Once more, with feeling: does paint
improve the lily?
Audio memory is among the most fleeting, and
the CDP was gone for a couple of weeks.
(Thanks to drug trafficking and the terror
threat, commerce between the US and Canada has
bureaucratized to a crawl.) But you’re waiting
for a judgment, so here goes.
I’m hearing a difference in texture. The
perception requires some background. My
speakers, the WATT / Puppy’s eighth iteration,
employ a tweeter configuration which is said
to be an improvement over the W / P 7’s.
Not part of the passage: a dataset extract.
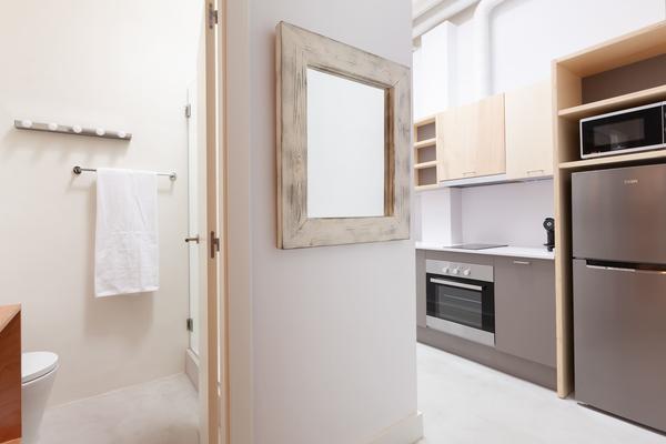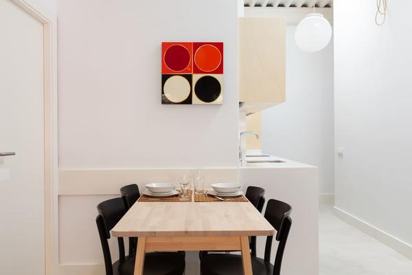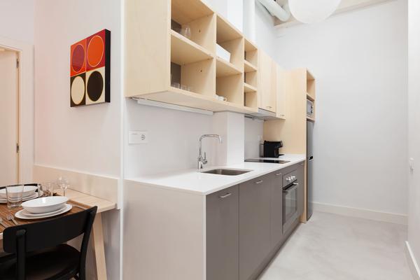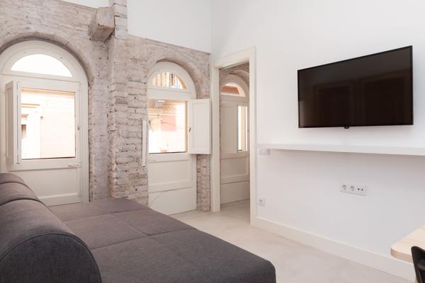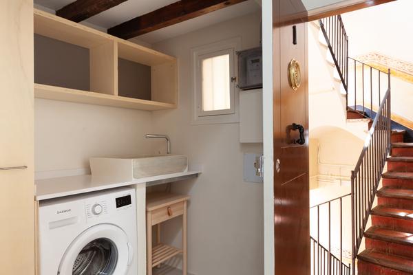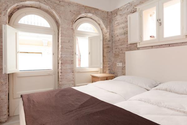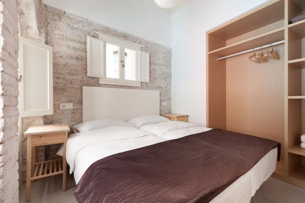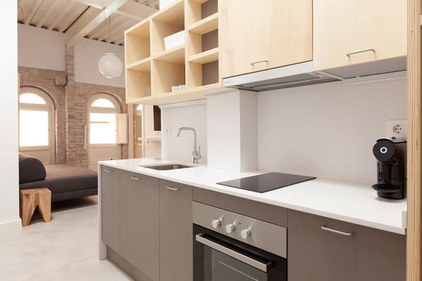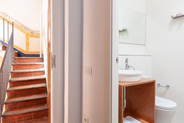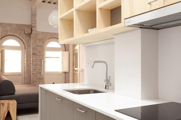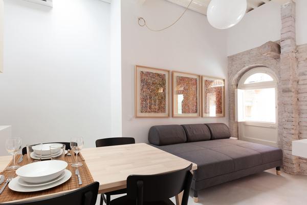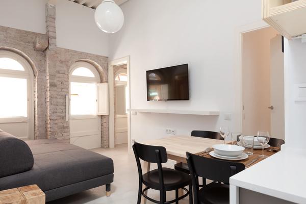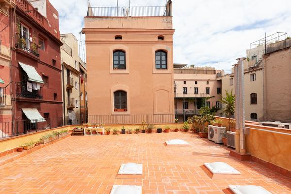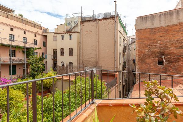 6 grandes fenêtres, 3 puits de lumière, des cours arrière calmes et lumineuses, des murs de briques traditionnels, des portes, un plafond très haut et des meubles et appareils modernes en font un lieu de séjour idéal en plein centre de Barcelone.

The
CDP, post-upgrade, puts me in touch with the
purest upper-midrange-to-treble I’ve yet
heard. If that simply means an uptick in
resolution, it would also account for a
heightened sense of space, location, and
musical truth – the necessary aspect behind
these observations being, of course, a
first-rate recording.
And that brings me to the eighth volume of
John Eliot Gardiner’s Bach-cantata series on
the Soli Deo Gloria label,
www.solideogloria.co.uk. SDG 104 offers two
CDs recorded by the Eurosound production team
in Unser Lieben Frauen, Bremen and Santo
Domingo de Bonaval, Santiago de Compostela. Go
figure: Sam Harris’s atheistic polemic, An
End of Faith, is one of my favorite books,
and I can’t get enough of this superb,
inexhaustibly spiritual, death-smitten music.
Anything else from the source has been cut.